Software & Data Management
Data are acquired at user-configurable intervals (default: 1 hour), timestamped with GPS-synchronized UTC, and stored redundantly on internal 32 GB microSD card and optionally on replaceable external cards. Raw neutron counts, corrected SWE estimates, ancillary meteorological parameters, and diagnostic flags are output in CSV and NetCDF-4 formats. The embedded firmware supports Over-The-Air (OTA) updates and remote configuration via HTTPS-secured REST API. Optional desktop software (Windows/macOS/Linux) provides real-time visualization, spectral quality control (e.g., neutron count stability, atmospheric correction residuals), and batch calibration using local reference datasets. All data streams are compatible with common hydrological modeling frameworks (e.g., SWAT, VIC, WRF-Hydro) and comply with metadata standards defined by the World Meteorological Organization (WMO) and the U.S. National Snow and Ice Data Center (NSIDC).
Applications
- Operational snow monitoring for regional water resource forecasting and reservoir inflow prediction
- Ground-truthing of spaceborne snow products from Sentinel-3, ICESat-2, and upcoming NASA-ISRO NISAR missions
- Long-term climate studies assessing snowpack trends, melt timing shifts, and cryospheric feedback mechanisms
- Validation of land surface models and coupled Earth system models under CMIP6 protocols
- High-elevation ecosystem research—including alpine hydrology, permafrost-adjacent snow insulation effects, and avalanche risk assessment
- Support for ISO 17892-10 (geotechnical investigation) and ASTM D698/D1557 (soil compaction) where snow loading influences subsurface characterization
FAQ
How does the CRS-2000S differentiate snow water equivalent from soil moisture contribution?
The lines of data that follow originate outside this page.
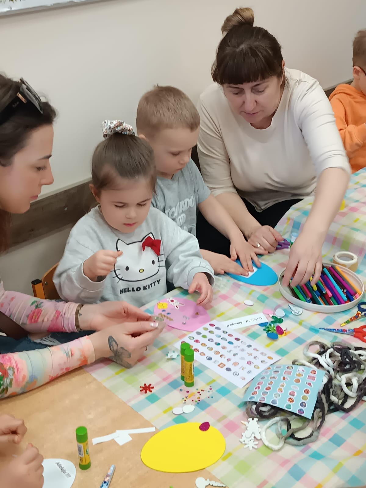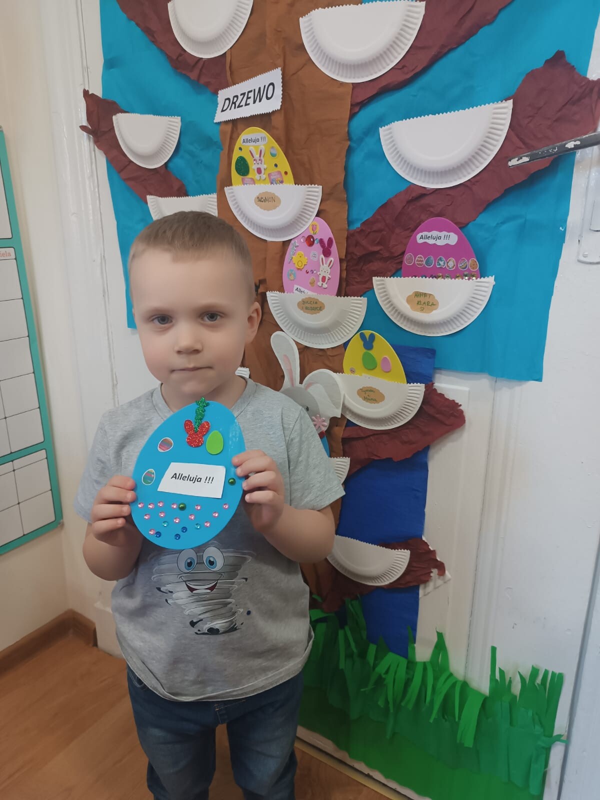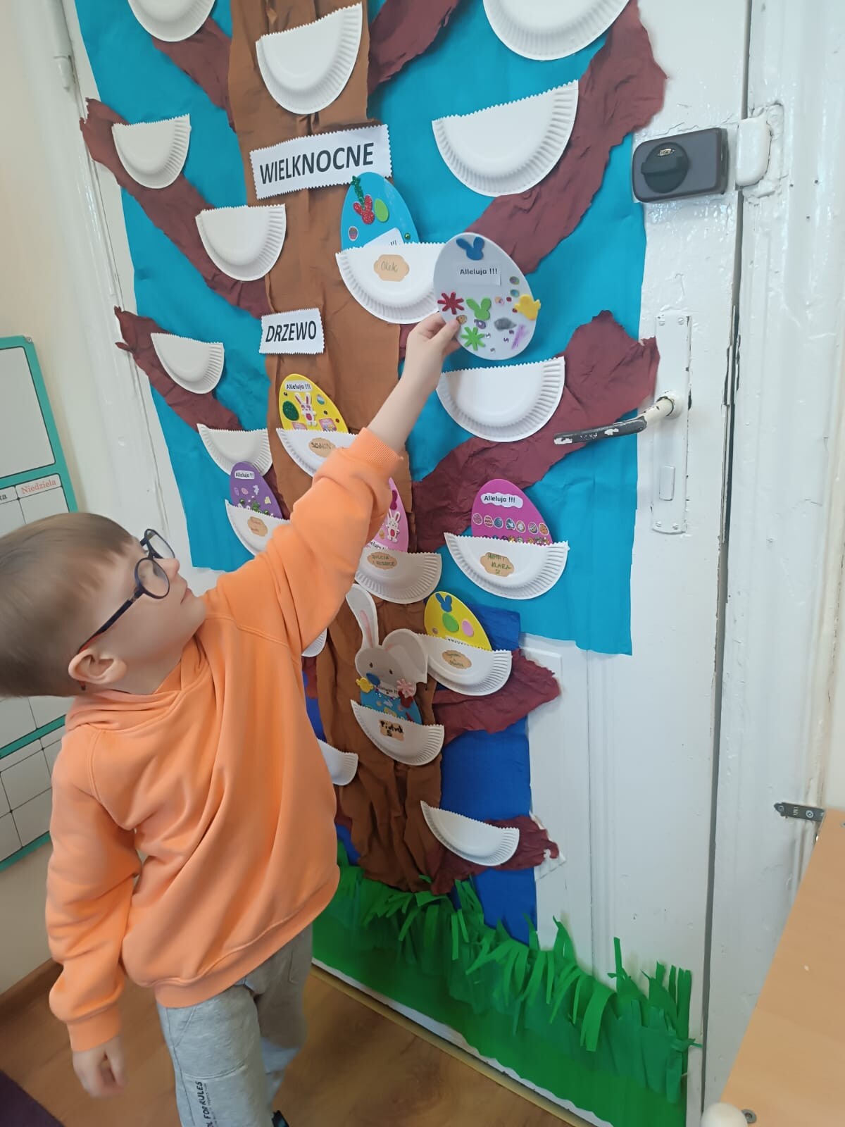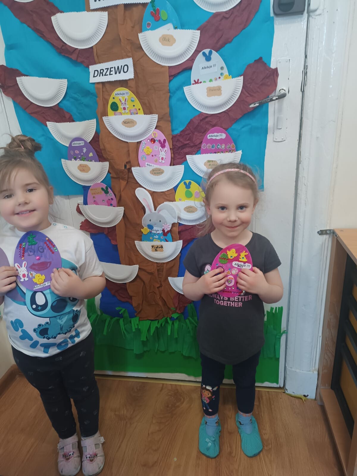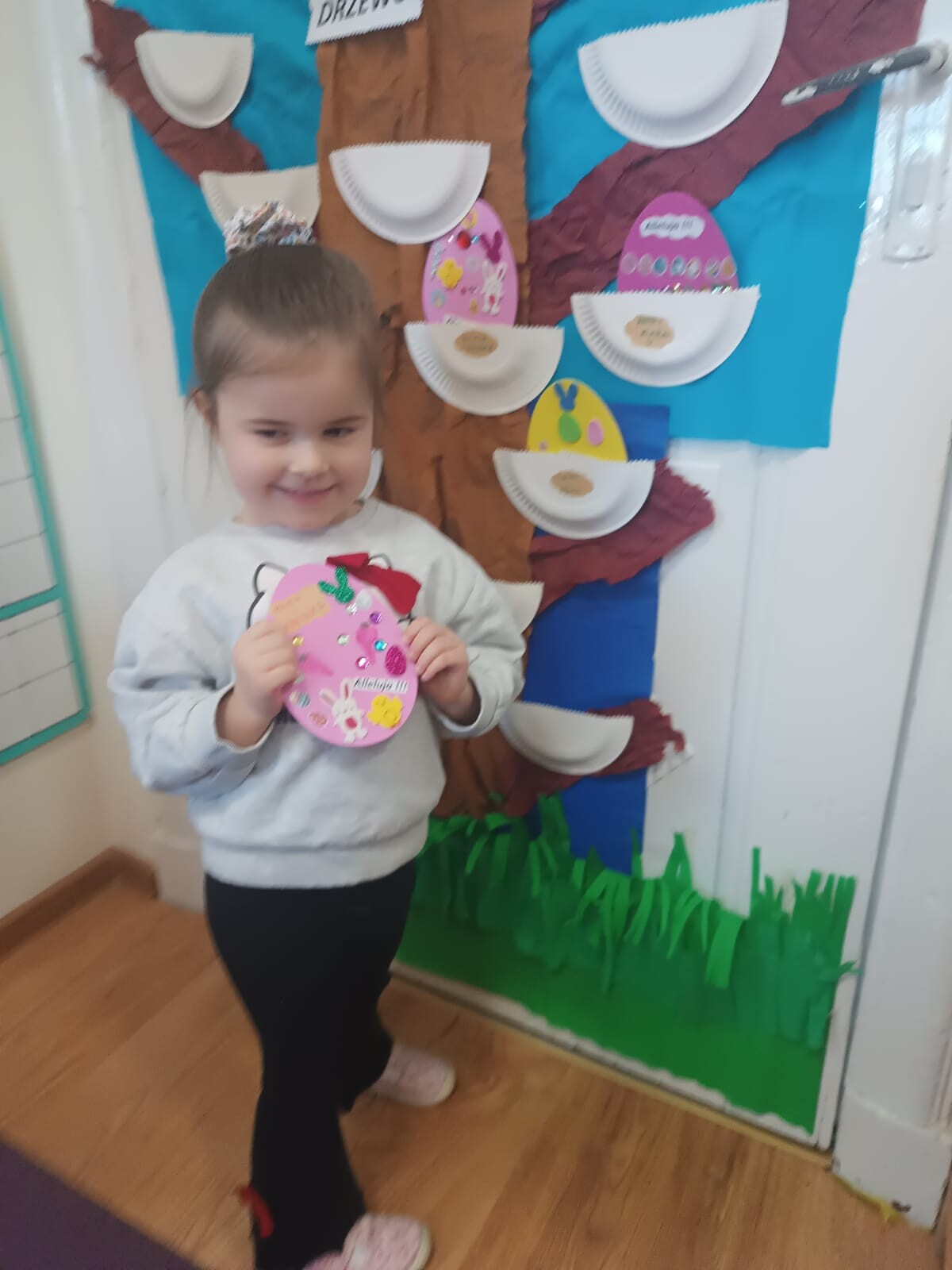 Dzieci wraz z rodzicami przystąpili do wspólnego tworzenia wielkanocnych pisanek, które ozdobiły grupowe drzewko. Nie zabrakło również pamiątkowych zdjęć na specjalnie przygotowanym, świątecznym tle.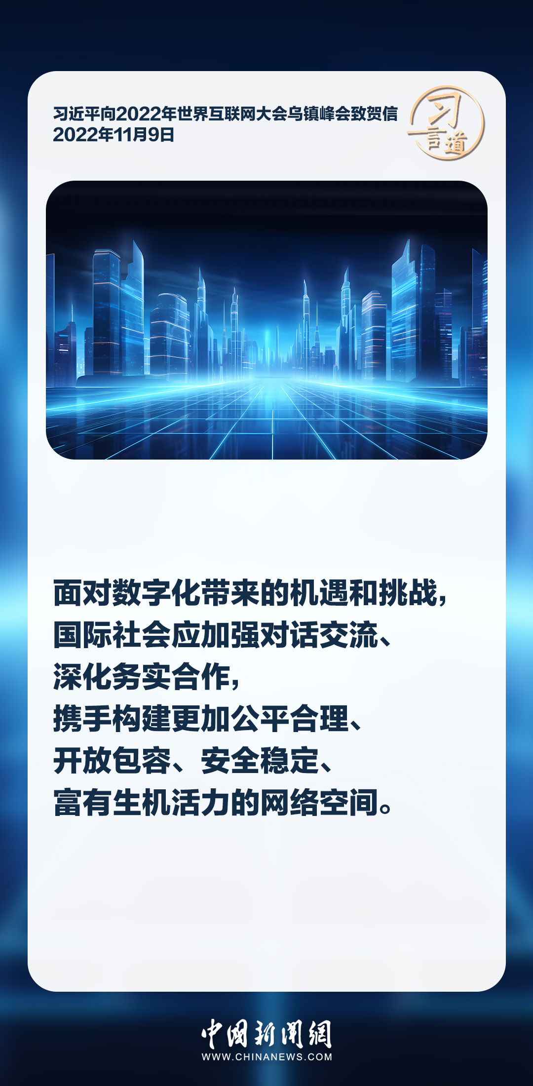 信息革命時代潮流浩蕩前行,網(wǎng)絡空間承載著人類對美好未來的無限憧憬。習近平主席多次強調(diào)各國應該共同構建網(wǎng)絡空間命運共同體,推動網(wǎng)絡空間互聯(lián)互通、共享共治,為開創(chuàng)人類發(fā)展更加美好的未來助力。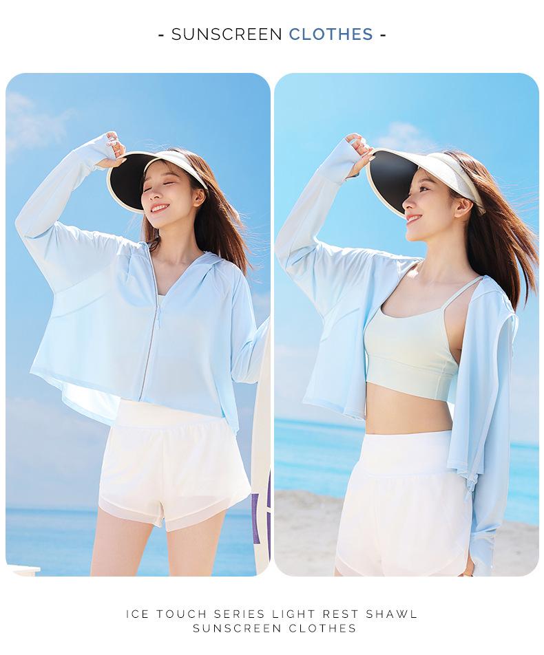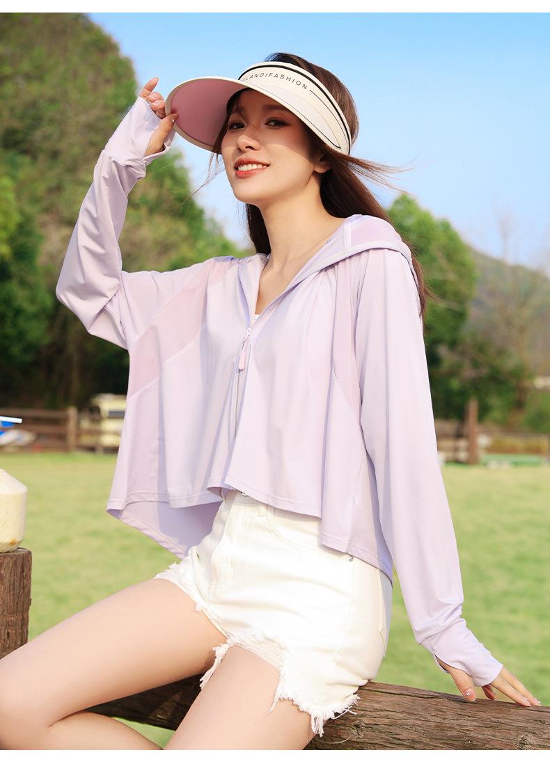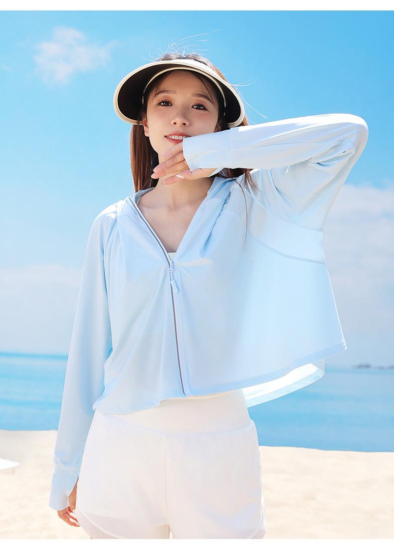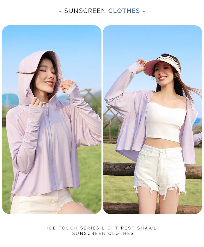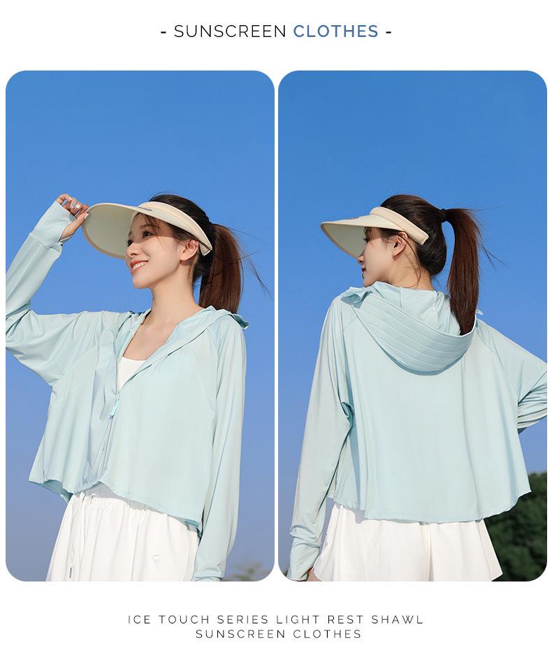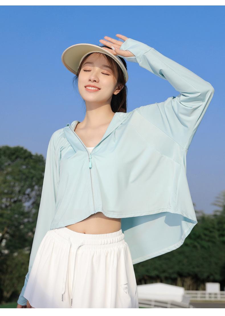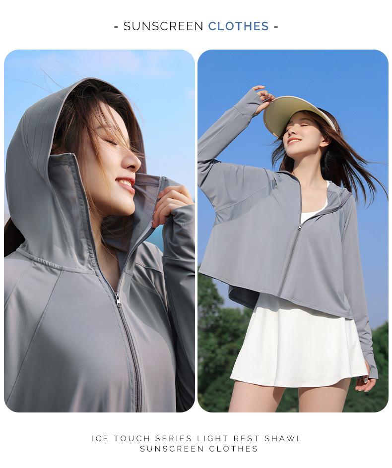 Verano Nuevo Estilo Seda de Hielo Delgada Anti-UV Corta con Capucha Manga Larga Blanca Abrigo de Verano Ropa de Protección Solar para Mujeres Primavera

It applies a multi-parameter correction model that uses concurrent barometric pressure, air humidity, and soil moisture (if externally measured) to partition the neutron signal between snowpack and underlying soil layers.
What is the effective spatial footprint of the measurement?
Approximately 100–250 meters radius, depending on snow depth, soil moisture, and atmospheric conditions—validated through neutron transport simulations (MCNPX) and field intercomparison studies.
Can the system operate year-round in sub-zero environments?
Yes—the electronics are rated for –30 °C to +60 °C ambient operation, and the neutron detector housing incorporates thermal buffering to maintain stable gain characteristics across freeze-thaw cycles.
Is the CRS-2000S compliant with FDA 21 CFR Part 11 or EU Annex 11 for regulated environmental monitoring?
While not designed for pharmaceutical GMP applications, its audit trail, electronic signature support, and data integrity controls meet core ALCOA+ principles and are deployable in ISO/IEC 17025-accredited environmental laboratories.
Does the system require annual recalibration?
No—neutron detectors are inherently stable; however, empirical calibration against local snow pit measurements is recommended annually or after major hardware upgrades to maintain site-specific accuracy.